Gel questions?

rgesualdo

New member
in the following situations what kind of gels would you use, taking in consideration I'll be shooting with kodak 250T film stock on a super 16mm CP16 camera and i have tungsten lights.

living room with sliding door (lots of daylight coming trough), I will need to light with my tungsten lights part of the living room where the light is not as strong?

Lets say i have faster film and need to shoot a scene in a bedroom where the light will come from the window and i want the blue cast we are used to perceive as moon light. how can i accomplish that, should i set the lights outside shoot the grey card and then put gel on the lights? or put gel and then shoot the grey card?
 
Well, there is no 250T Kodak stock so I'm going to assume you mean the 200T stock, 7217...

If you have real daylight coming in, and you want to match your tungsten lights to that, you have to either gel the windows with Full CTO or Sun 85, or gel the tungsten lights with Full CTB (and thus lose two-stops of light output from them.) This is always the problem with shooting day interior scenes with small tungsten lights. You may be better off getting some daylight Kinoflos and small HMI's. Unless it is a small window that is easy and cheap to gel to 3200K.

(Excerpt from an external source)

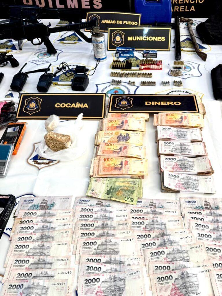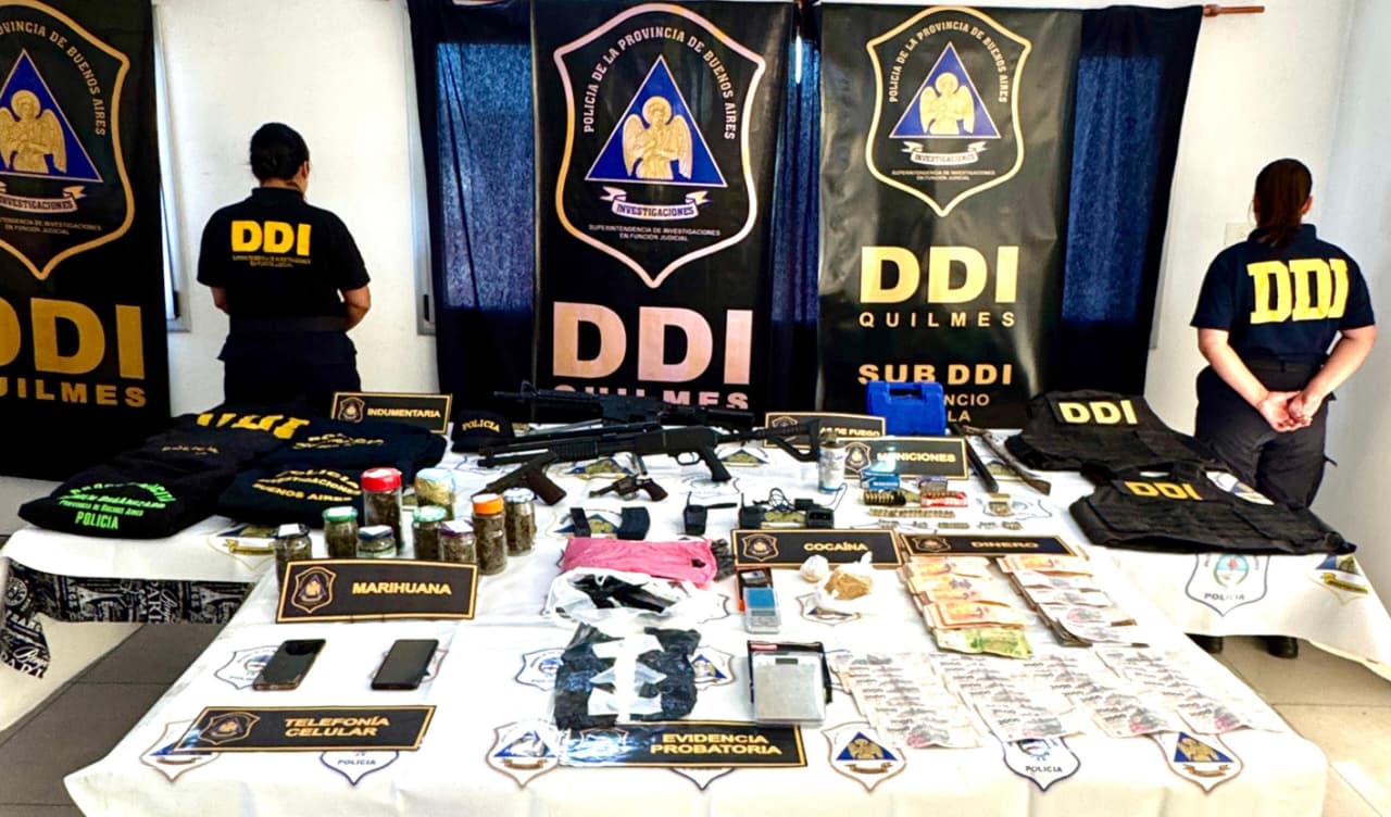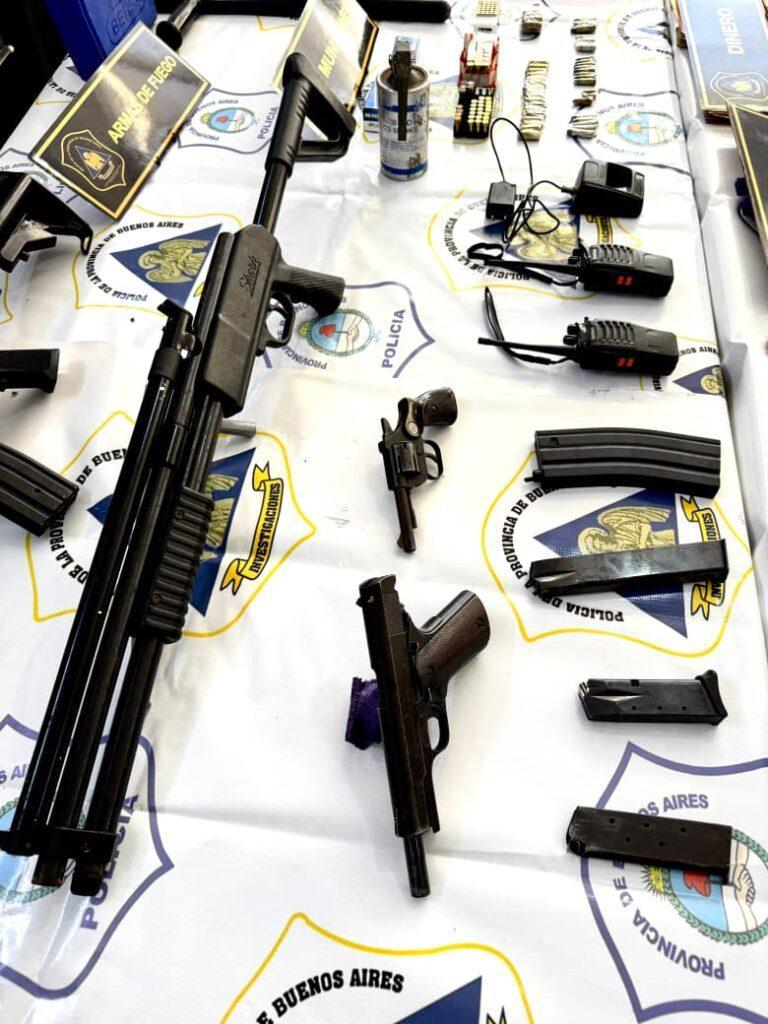 En los operativos, los uniformados detuvieron a los involucrados y decomisaron: un fusil de asalto, una escopeta, una pistola calibre 45, una granada de humo, tres handy, una tonfa, dos chalecos antibalas sin numeración, municiones, cargadores, una suma de $280.000, 450gm de marihuana, 365gm de pasta base, dos balanzas de precisión, recortes de nylon e indumentaria policial.
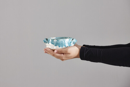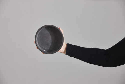 امرأة ترتدي عباءة سوداء تحمل أدوات فخارية مختلفة في أوضاع متعددة

As for a moonlight scene, I would use 1/2 CTB on the lights, but remember to shoot your grey scale under white (3200K) light first, and make a note somewhere that the scene is lit for blue moonlight. You can make it look a little bluer than a 1/2 CTB gives you if you shoot the grey scale with a little warming gel on the grey scale light, like a 1/4 CTO.
 
thanks a lot

thanks a lot

If i match my tungsten (by using full ctb) to the light coming in from the window wouldnt the film be blueish when developed due to the fact that is tungsten film?

Im new to all this, but I really want be a cinematographer, would you advice to some one like me to get a still slr 35mm camera or a digital in order to practice.

again your advice is golden, b/c I have a hard time getting advice or having my concerns and questions answer down here in miami.

thanks a lot
 
Yes, if you gel the tungsten to match the daylight, now everything is 5500K and will be blue-ish on the negative unless you put an 85B filter on the camera to correct it overall to 3200K. Or you can correct the blue out in post by shooting the grey scale under the same blue light and having the colorist make it neutral. Or you can use a partial correction filter like an 81EF or a LLD or any pale warming filter, shoot the grey scale under the same filter correction, let the colorist make it neutral in the transfer or print.

You can practice certain things on a DSLR.